To examine the thermal and electrical stabilities of the bare and Ni-enhanced Ag NW electrodes, a constant current was applied to the samples for 2 h, as shown in Fig. 3a,b. The bare Ag NW electrode exhibited good stability at a temperature of 75 °C with a subtle fluctuation prior to 5 min. However, the temperature suddenly dropped to 68 °C at 5 min, and this temperature was then maintained up to 12 min, at which point the sample finally broke down due to the instability of the nanostructures at relatively high temperatures for the long-term annealing14. The temperature drops from 75 °C to 68 °C was attributed to the annealing of the Ag NWs in the environment of joule heating27 because annealing can lead to decrease in the electrical resistance and the total power. In contrast to the bare Ag NW electrode, the plated electrode maintained a temperature of 165 °C with a stable electrical resistance during the test. Hence, the Ni coating undoubtedly enhanced the stability of the Ag NW networks far above that of the bare Ag NW network in the harsh test environment.
Long-term working stabilities of (a) the bare Ag NWs and (b) the Ni-enhanced Ag NWs.
The electrical and temperature stability under bending status is also important for the application of heaters on wearable electronics. The mechanical stability of the Ni enhanced Ag NWs heater, and bare Ag NW heater was examined with bending radius of 2.5 mm as shown in Fig. 4a. It was demonstrated that no apparent increase in R/R0 was observed even over approximately 3500 cycles for the Ni-enhanced Ag NW heater since the Ag NWs were firmly connected by the electroplated Ni. In contrast, a breakdown occurred after 600 cycles for the bare Ag NWs, as indicated by a dramatic increase in R/R0. Moreover, the Ni-enhanced Ag NW-based heater also exhibited excellent working stability after cycled bending process (Fig. 4b). For an applied input current of 60 mA, the temperature should increase due to the increasing resistance of the heater according to Joule’s law. The output temperature of the plated heater was maintained at approximately 50 °C from 200 cycles to 2000 cycles with a slight fluctuation, and the initial increase in the temperature might have been caused by detachment of some of the unconnected Ag NWs, which led to a higher resistance of the heater. In contrast, the output temperature of the bare Ag NW-based heater constantly increased during the bending test until breakdown after 500 cycles. Considering the requirements of long-term stability under high-current and temperature stability under mechanical bending for application in high-performance power devices, heaters or solar cells, the flexible transparent electrodes made from Ni-enhanced Ag NWs networks are highly promising materials.

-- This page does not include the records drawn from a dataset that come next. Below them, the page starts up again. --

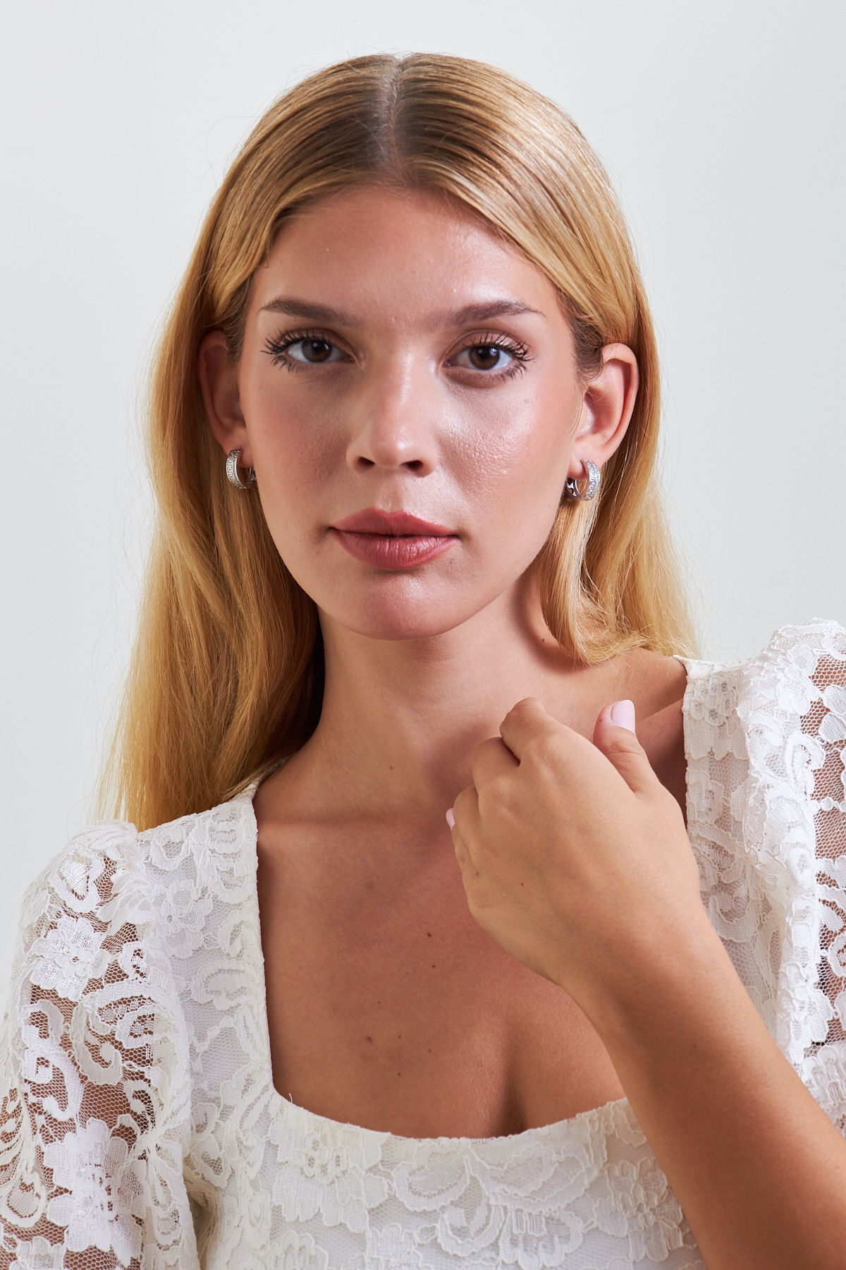 925 Ayar Gümüş Kadın Oyma Desenli Halka Küpe VKP-7489 - Ventino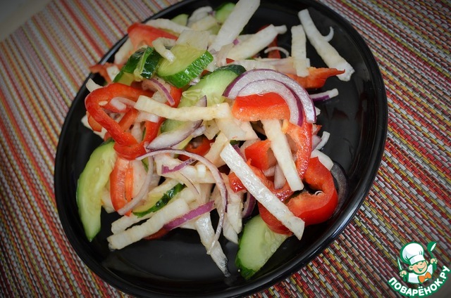 И ещё один салатик , тоже от Танюшки, но другой, от tatabilga-2015 . САЛАТ с ДАЙКОНОМ , ПОМИДОРАМИ и ОГУРЦАМИ , https://www.povarenok.ru/recipes/show/151943/.
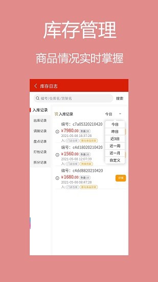 入库、出库、调拨、盘点、打包、拆分等库存日志管理,轻松查询每件商品去处,清楚库存数量,及时补货。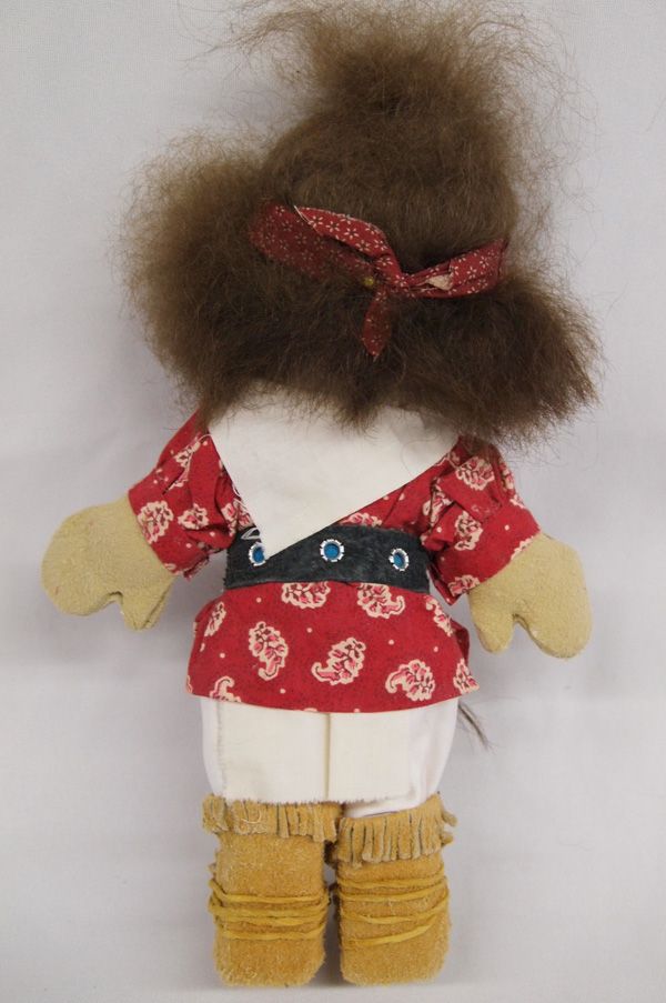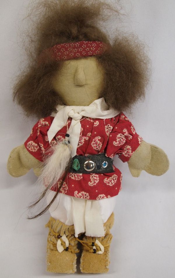 Plains Indian Doll on Stand. 11''H x 7''W, this doll has authentic costume of the Plains tribes. Stand is metal.

(a) Bending tests for determining the mechanical stability of the bare Ag NWs and the Ni-enhanced Ag NWs. (b) Variations in the temperature of the heaters during the bending cycles.
Enhanced Joining Mechanism of Electroplating
The cohesive performance of the Ag NW networks was improved after completion of the modified electroplating method. For application in the typical heating method, the junction between Ag NWs should be of good quality because the Ag NW network will otherwise be nonuniform. The variable connection conditions in the nonuniform network would lead to heterogeneous conduction in the treated films, which would increase the operational difficulty. Unlike in the simple heating method, dipping the Ag NW network in an electroplating solution could achieve a lower contact resistance in an ionic solution than in air. Moreover, this method could avoid electroplating of the areas around the Ag NW network, which is unavoidable for most coating methods. In general, ultra-long Ag NWs are critical for improving the transparency and conductivity of the nanowire networks28,29. However, the loose connections between Ag NWs decrease the performance of the Ag NW network, as shown in Fig. 5a. After the electroplating process, the gaps between Ag NWs were filled with Ni. As the Ni shell became thicker, some adjacent Ag NWs were connected by Ni, as indicated by the arrows in Fig. 5b. At the loose connections between two Ag NWs, the Ni ions in the solution formed an ion bridge that enhanced the conductivity of the junction. When the Ag NW network was utilized as a cathode, the Ni ions were reduced to Ni atoms on the surface of the Ag NWs, the gaps between Ag NWs were filled by the reduced Ni atoms. Figure 5c,d illustrate two typical junctions formed from overlapping and head to head interactions, respectively between two Ag NWs. However, the diameter of the Ag NWs also increased because of Ni ion reduction.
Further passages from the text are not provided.